Assessee’s contentions:

  • The explanation given by assessee that it was under fair and bona fide belief not to deduct the TDS on conveyance allowance.
  • The Assessee had held a meeting with Shri Karan Singh, the then Income Tax Officer (TDS) on 22/27.1.1993 on which the assessee was advised that the conveyance allowance was not taxable.
  • Reliance is placed on rulings of Supreme Court in CIT v. Larsen & Toubro Ltd. [2009] 313 ITR 1; Delhi High Court in CIT v. HCL Info System Ltd. [2006] 282 ITR 263 and in CIT v. Nestle India Ltd. [2000] 243 ITR 435 in which a bona fide explanation is considered to be relevant for not deducting the tax under Section 192.
Tax Authority’s arguments:
  • It was obligatory on the part of company to deduct tax on source on conveyance allowance for which there was no exemption under Section 10 (14) of the Act. 
  • There was no exception nor any explanation, whether bonafide or not, can be entertained to avoid liability of interest under Section 201 (1A).
  • ITAT held that: “Section 192 (1) of the Act makes employer responsible for deducting tax at source from salary paid to its employees by estimating the income chargeable under the head “salaries” at average rate of income-tax. Sub section (3) of the same section stipulates that the person responsible for making deduction may increase or reduce the amount to be deducted under this section for the purposes of adjusting any excess or deficiency arising out of any previous deduction Section 201 casts duty on the person deducting tax to deposit the same within the prescribed time. If the tax has not been properly deducted or has not been properly paid after deducting, the person who is responsible is to be deemed to be an assessee in default in respect of the tax. On the perusal of these sections which are relevant to the issue under consideration, it becomes obvious that primarily the employer had to deduct tax from the salary paid to its employees on the basis of the estimated income of such employees. It thus follow that so long as the estimate made by the employer is bonafide, it cannot be faulted for not deducting tax.”

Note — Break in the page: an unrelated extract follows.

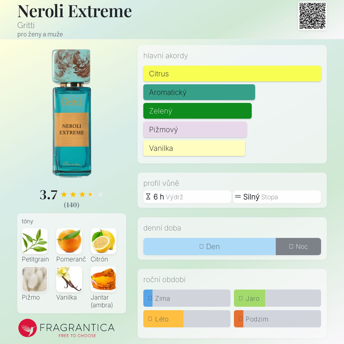 Neroli Extreme podle Gritti je Citrus vůně pro ženy a muže. Neroli Extreme byl/a uveden/a v roce 2017. "Nosem" za touto vůní je Luca Gritti.
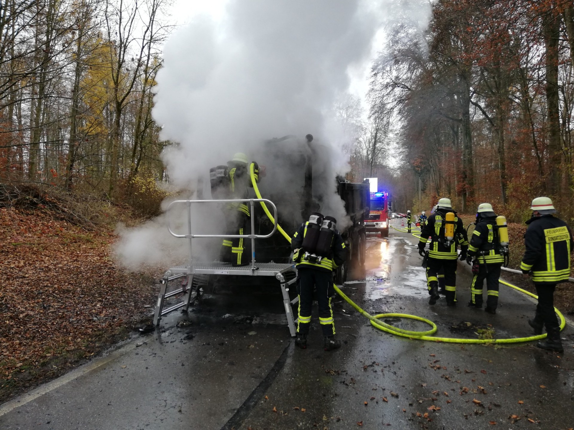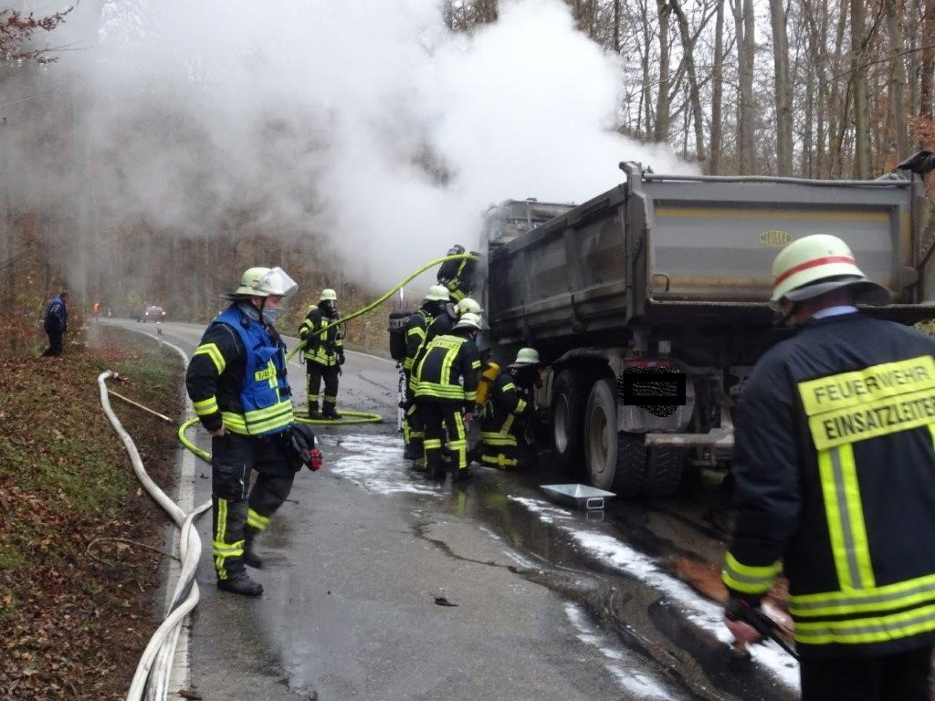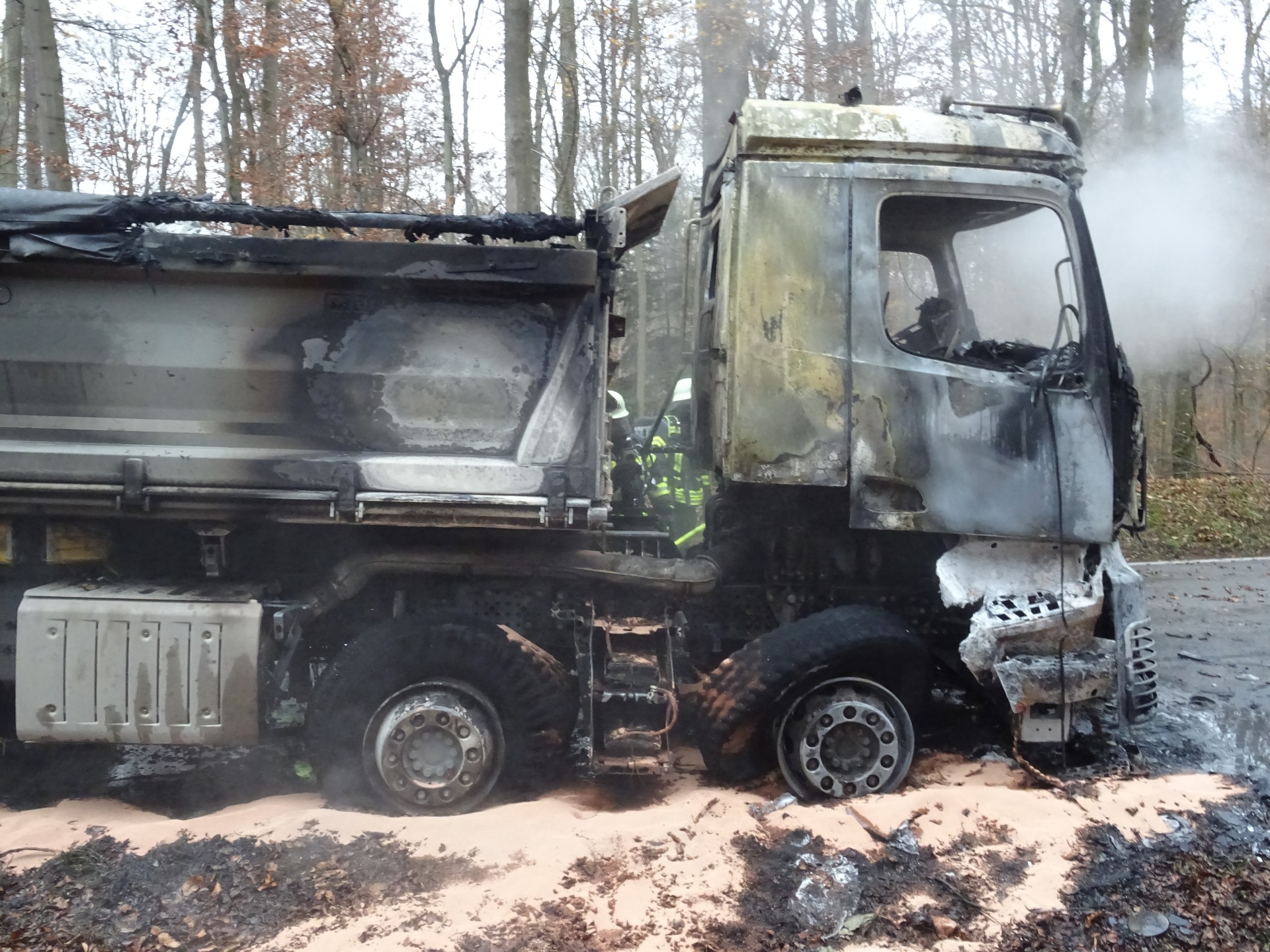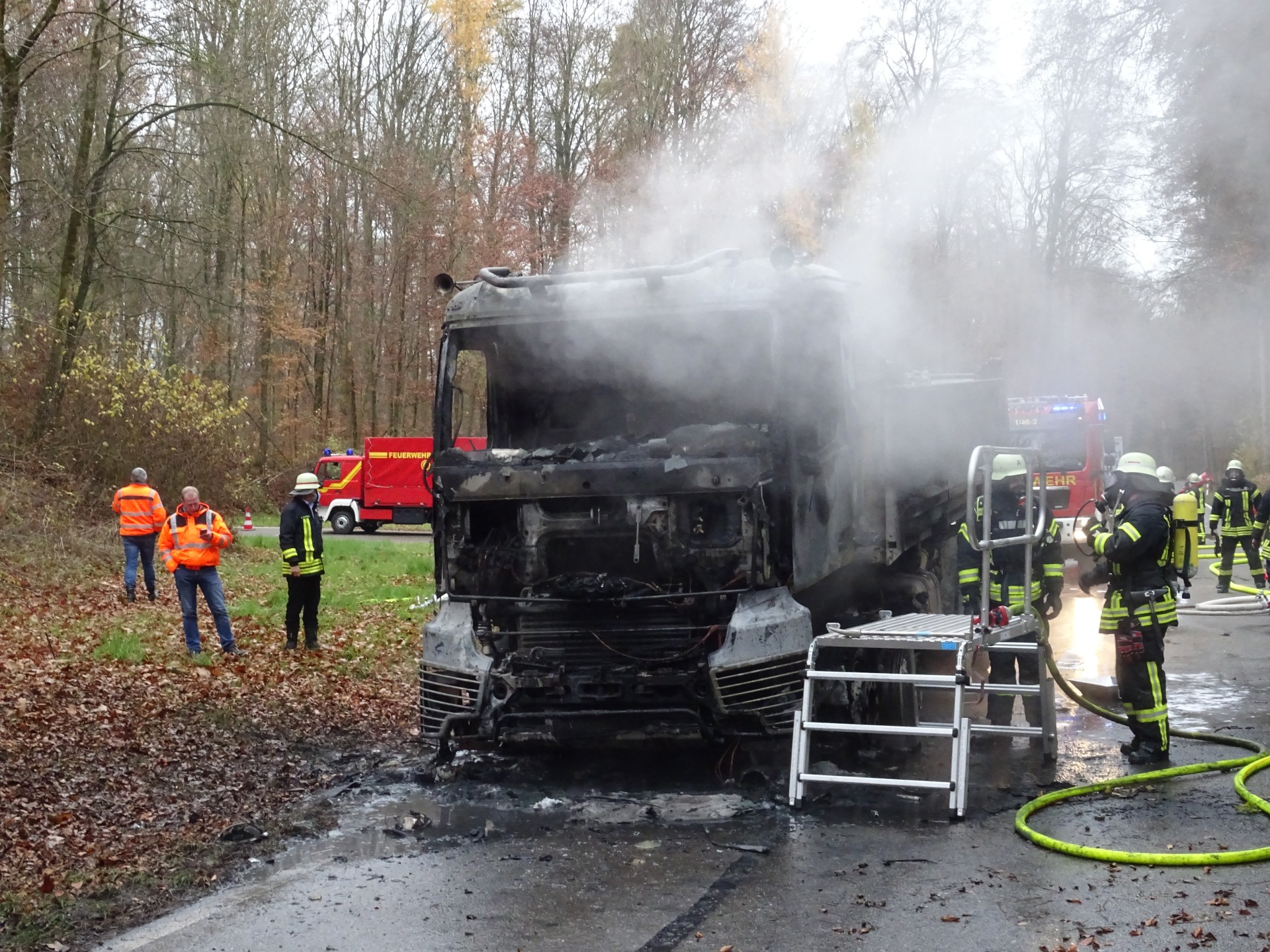 Beim Vorrücken der Feuerwehr zur Brandbekämpfung platzen zwei weitere Reifen, sowie der Hydrauliktank. Auch die Kraftstoffleitung aus dem Dieseltank war abgebrannt, so dass der auslaufende Diesel zusammen mit dem ausgelaufen Motorenöl dem Feuer reichlich Nahrung bot.

  • The assessee obtained declaration from the employees and on such declaration, the tax was not deducted. 
  • The assessee in its estimation of the income of its employees did not find, in consultation with Income Tax Officer (TDS), in the circumstances accepted by the Tribunal did not find it obligatory to deduct tax on such allowance on source.
  • The assessee-company took up the plea that it had discussions with the Income tax Officer and submitted a proof of letter dated 29.1.1993 in this regard. 
  • On these facts, the findings of the ITAT, that the action of assessee for not deducting the tax at source was based on bonafide belief, is a finding of fact, which does not call for interference in this appeal.